XXVIII.7 How Roman law was lost in Spain

, par Stewart

Things went differently in Spain. The law of the Visigoths won out, and Roman law lost out. Chaindsuinthus [1] and Recessuinthus [2] banned Roman laws, and did not even permit them to be cited in the tribunals. Recessuinthus was also the author of the law [3] that suppressed the prohibition of marriages between Goths and Romans. It is clear that these two laws had the same spirit : this king wanted to do away with the principal causes of separation between the Goths and the Romans. Now it was thought that nothing separated them more than the prohibition against contracting marriages between them and the permission to live under different laws.

But though the kings of the Visigoths had banned Roman law, it still subsisted in the domains they possessed in southern Gaul. These lands, distant from the center of the monarchy, lived in considerable independence. We see from the history of Vamba, who ascended the throne in 672, that the natives of the country had assumed the upper hand [4] : thus Roman law had more authority there, and Gothic law less. Spanish laws were suited neither to their manners nor to their current situation ; perhaps the people even clung to Roman law because they attached to it the idea of their liberty. Moreover, the laws of Chaindasuinthus and Recessuinthus contained horrendous provisions against the Jews ; but those Jews were powerful in southern Gaul.

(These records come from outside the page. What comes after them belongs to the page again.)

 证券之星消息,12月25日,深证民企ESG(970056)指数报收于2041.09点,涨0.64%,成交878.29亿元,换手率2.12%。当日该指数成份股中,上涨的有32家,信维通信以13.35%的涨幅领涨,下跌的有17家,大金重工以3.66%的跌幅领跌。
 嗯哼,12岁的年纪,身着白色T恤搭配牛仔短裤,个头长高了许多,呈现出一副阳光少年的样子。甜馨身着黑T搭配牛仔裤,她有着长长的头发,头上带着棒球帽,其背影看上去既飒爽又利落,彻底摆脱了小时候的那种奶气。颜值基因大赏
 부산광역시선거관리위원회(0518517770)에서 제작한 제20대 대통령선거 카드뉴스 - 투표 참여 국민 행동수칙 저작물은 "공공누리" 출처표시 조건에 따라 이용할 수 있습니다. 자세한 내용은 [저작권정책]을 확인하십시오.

The author of the history of king Vamba calls these provinces the Jewish brothel. When the Saracens came into these provinces, they had been called : now who could have called them but the Jews or the Romans ? The Goths were the first oppressed because they were the dominant nation. We see in Procopius that during their calamities they withdrew from Narbonne Gaul into Spain. [5] In this particular misfortune, they doubtless took refuge in the areas of Spain that still could be defended ; and the number of those who, in southern Gaul, lived under the law of the Visigoths was much diminished as a result.

Notes

[1His reign began in 642.

[2We do not wish to be tormented by foreign nor by Roman laws : Law of the Visigoths, book II, tit. 1, §9–10.

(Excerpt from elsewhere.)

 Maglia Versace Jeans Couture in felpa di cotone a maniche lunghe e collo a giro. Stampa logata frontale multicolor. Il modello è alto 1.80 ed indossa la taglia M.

[3Ut tam Gotho Romanam quam Romano-Gotham, matrimonio liceat sociari (Lex Visigothorum, book III, tit. 1, ch. i).

[4The revolt of these provinces was a general defection, as seen in the judgment which follows the history. Paulus and his adherents were Romans, they were even favored by the bishops. Vamba dared not put to death the seditious people he had defeated. The author of the history calls Narbonne Gaul the nurse of perfidy.

[5Gothi qui cladi superfuerant, ex Gallia cum uxoribus liberisque egressi, in Hispaniam ad Teudim jam palam tyrannum se receperunt (The Gothic Wars, book 1, ch. xiii).